● TASK INSTRUCTIONS
Print what the records say exactly, and omit the pictures.

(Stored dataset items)
+===+

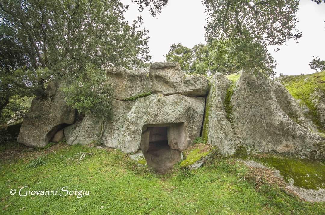 La necropoli è scavata in un affioramento granitico dell’altopiano di Buddusò. E’ costituita da 6 ipogei e datata al 3200-2800 a.C. Alcune domus presentano ambienti monocellulari mentre altre hanno pianta pluricellulare. Una delle domus riportano tracce di pittura murale rossa a bande parallele su fasce in rilievo.
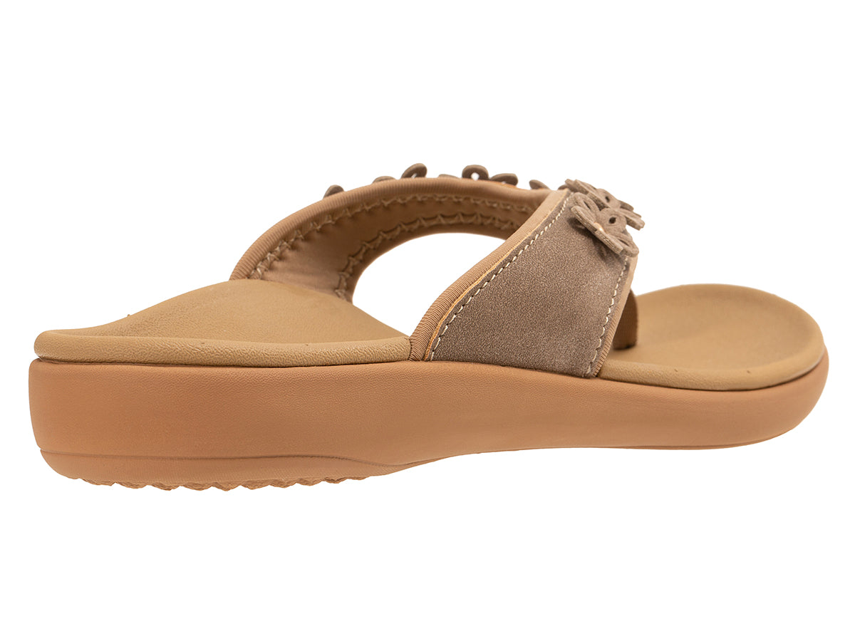 Let the Yumi Hamptons set the tone for your next vacation. Our most iconic and beloved sandal is beautifully trimmed with gorgeous dimensional flower petals, riveted with a metal centerpiece. This adds a touch of femininity and craftsmanship to a style already loaded with orthotic support and comfort. Step out and step onto exceptional comfort and support from Revitalign®, featuring our Full Contact Comfort® footbed.
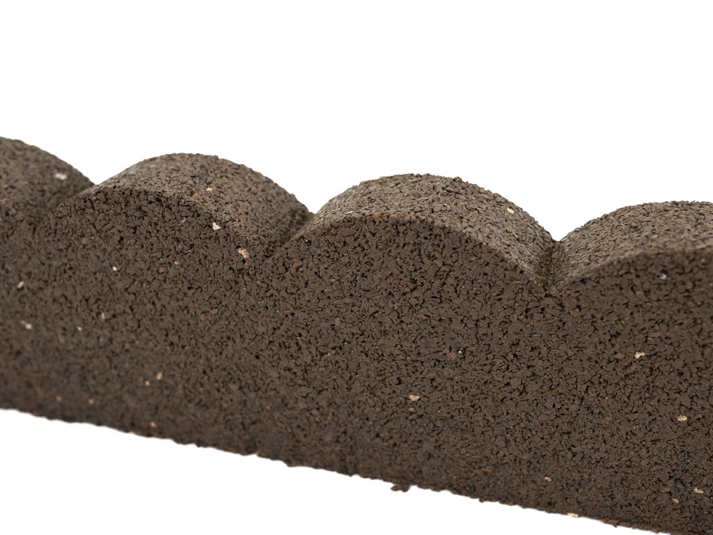 Scalloped je řada ekologických zahradních lemů, která je vyrobena z recyklované pryže, z udržitelného zdroje recyklovaných pneumatik osobních a nákladních automobilů, které se svážejí ze skládky. Gumová drť se sbírá z použitých pneumatik a přeměňuje se na užitečné produkty pro vaši zahradu. Díky pryži jsou lemy pružné, odolné v každém počasí včetně extrémního horka nebo extrémního chladu. Neztrácí ani nemění barvu v průběhu let.
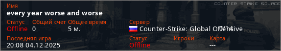 Играет на Counter Strike Source сервере. Страна: РоссияПервый раз замечен 19:54 04.12.2025
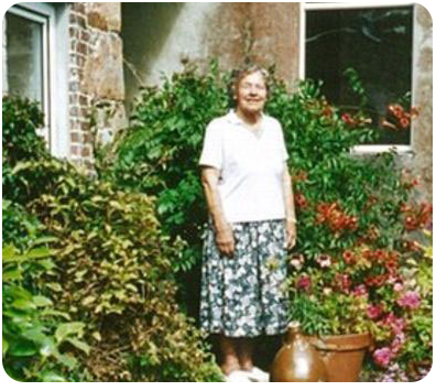 Adeline Mundy, outside her home, Bellozanne Abbey
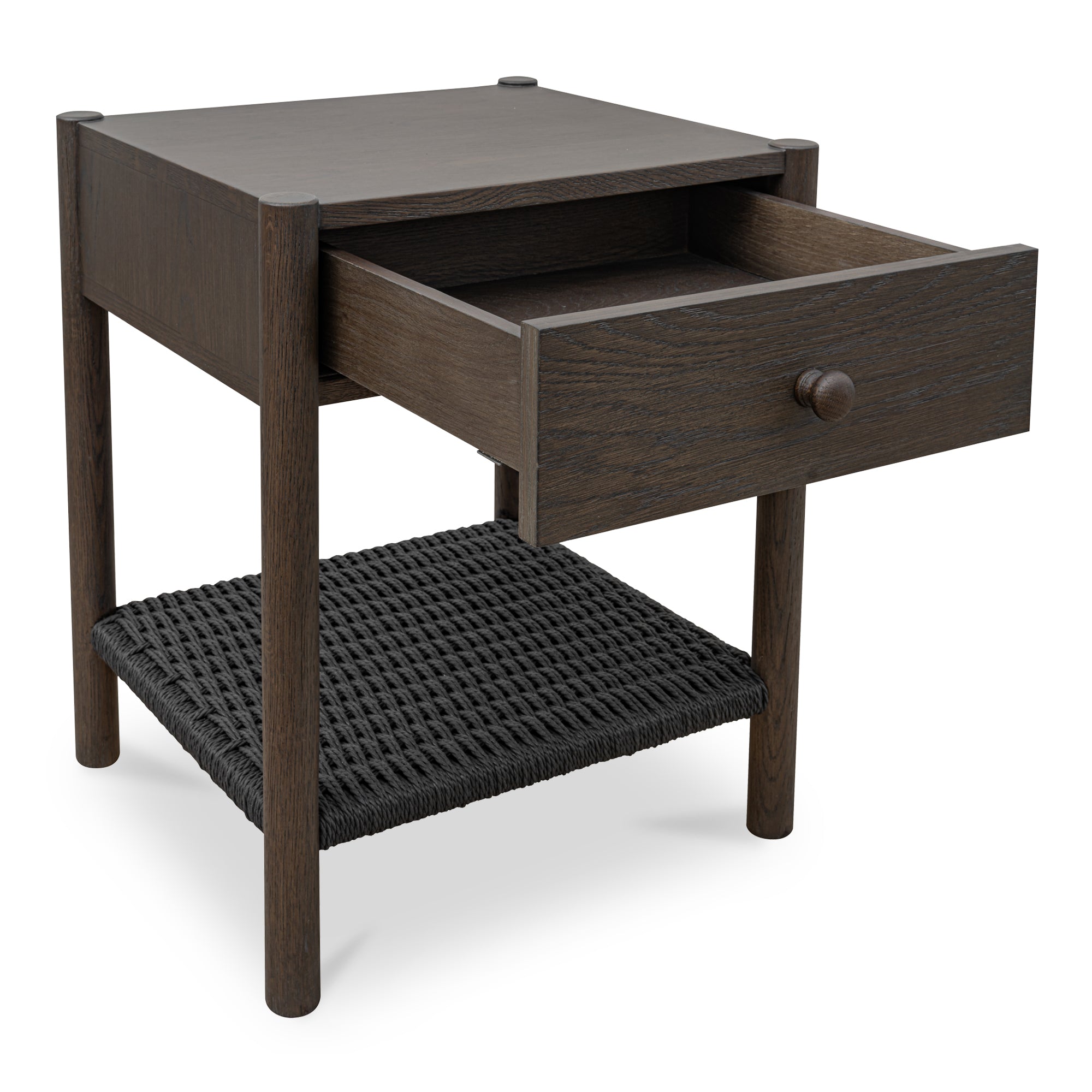Corlan Nightstand, Oak Frame with Paper Rope Shelf 1-Drawer Bedside Table, Brown

+===+

● ANSWER TO THE PROBLEM
 La necropoli è scavata in un affioramento granitico dell’altopiano di Buddusò. E’ costituita da 6 ipogei e datata al 3200-2800 a.C. Alcune domus presentano ambienti monocellulari mentre altre hanno pianta pluricellulare. Una delle domus riportano tracce di pittura murale rossa a bande parallele su fasce in rilievo.
 Let the Yumi Hamptons set the tone for your next vacation. Our most iconic and beloved sandal is beautifully trimmed with gorgeous dimensional flower petals, riveted with a metal centerpiece. This adds a touch of femininity and craftsmanship to a style already loaded with orthotic support and comfort. Step out and step onto exceptional comfort and support from Revitalign®, featuring our Full Contact Comfort® footbed.
 Scalloped je řada ekologických zahradních lemů, která je vyrobena z recyklované pryže, z udržitelného zdroje recyklovaných pneumatik osobních a nákladních automobilů, které se svážejí ze skládky. Gumová drť se sbírá z použitých pneumatik a přeměňuje se na užitečné produkty pro vaši zahradu. Díky pryži jsou lemy pružné, odolné v každém počasí včetně extrémního horka nebo extrémního chladu. Neztrácí ani nemění barvu v průběhu let.
 Играет на Counter Strike Source сервере. Страна: РоссияПервый раз замечен 19:54 04.12.2025
 Adeline Mundy, outside her home, Bellozanne Abbey
Corlan Nightstand, Oak Frame with Paper Rope Shelf 1-Drawer Bedside Table, Brown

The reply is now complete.